Ногу мне залечили довольно быстро. Через две недели после госпитализации я уже мог ходить с тростью. Я гулял по больничному парку и наблюдал весну: в тот год снег сошел быстро, и земля не была залита лужами, как это часто бывает. Солнце начинало греть, на деревьях пели птицы, я сидел на лавочке, положив на колени трость, слушал пение скворцов и почему-то чувствовал себя стариком, повидавшим жизнь. Весной хочется жить, — а это был теплый апрель, и мне очень хотелось отдохнуть от всего, что увидел, оставить разведку хотя бы на время и снова податься в тихую и спокойную журналистику. Об этом я заговаривал с руководством, когда начальники навещали меня в больнице, и они морщились: мол, нехорошо оставлять службу. Но я умело воспользовался неплохими связями в абвере — здесь опять помогло мое умение хамелеона — и меня, пусть и с большим нежеланием, отпустили. С условием, что за мной будет вестись наблюдение, а работать в газете буду под псевдонимом. Что ж, не впервой.
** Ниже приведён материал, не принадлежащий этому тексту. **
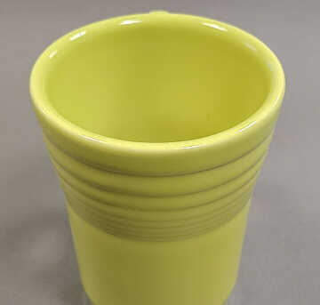The Tom & Jerry mug was added to the Fiesta line in the summer of 1936. It was made until the line was restyled in 1969 and in all eleven glazes: red, yellow, light green, blue, old ivory, turquoise, rose, forest green, chartreuse, gray, and medium green. Tom & Jerry mugs were often marked with a backstamp under the glaze.
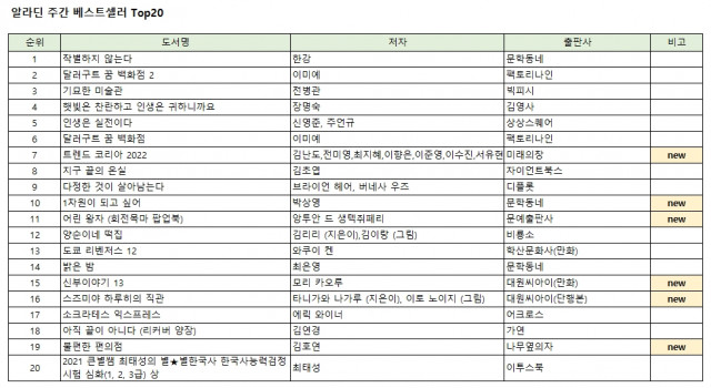 알라딘 인터넷서점은 한강 작가의 새 장편소설 ‘작별하지 않는다’가 9월 4주 주간 베스트셀러 1위에 올랐다고 30일 밝혔다. 그 외에도 ‘트렌드 코리아 2022’와 박상영 신작 소설 ‘1차원이 되고 싶어’가 예약 판매 기간 중 베스트셀러 10위 이내에 진입했다. ‘작별하지 않는다’는 한강 작가가 2016년 부커상 수상 후 5년 만에 펴낸 장편 소설로 5.18 광주 민주화 항쟁을 다룬 ‘소년이 온다’에 이어, 한국사의 또 다른 비극인 제주 4.3사건을 이야기한 책이다. 출간 이후 독자들의 호평을 받으며 높은 판매가 꾸준히 이어...

Разумеется, ты можешь оставить разведку, но разведка никогда не оставит тебя. Бывших не бывает — это я знаю по себе. Один раз выбрав эту профессию, ты останешься с ней на всю жизнь. Даже сейчас я, шестидесятидвухлетний старик, не могу полностью избавиться от этого. Хотя бы потому что булочником в лавке напротив, где я всегда покупаю хлеб, работает Рудольф Юнгханс. С ним я познакомился в 1938 году, когда он был в звании гауптшарфюрера. Иногда мы пьем пиво. О прошлом мы говорим редко.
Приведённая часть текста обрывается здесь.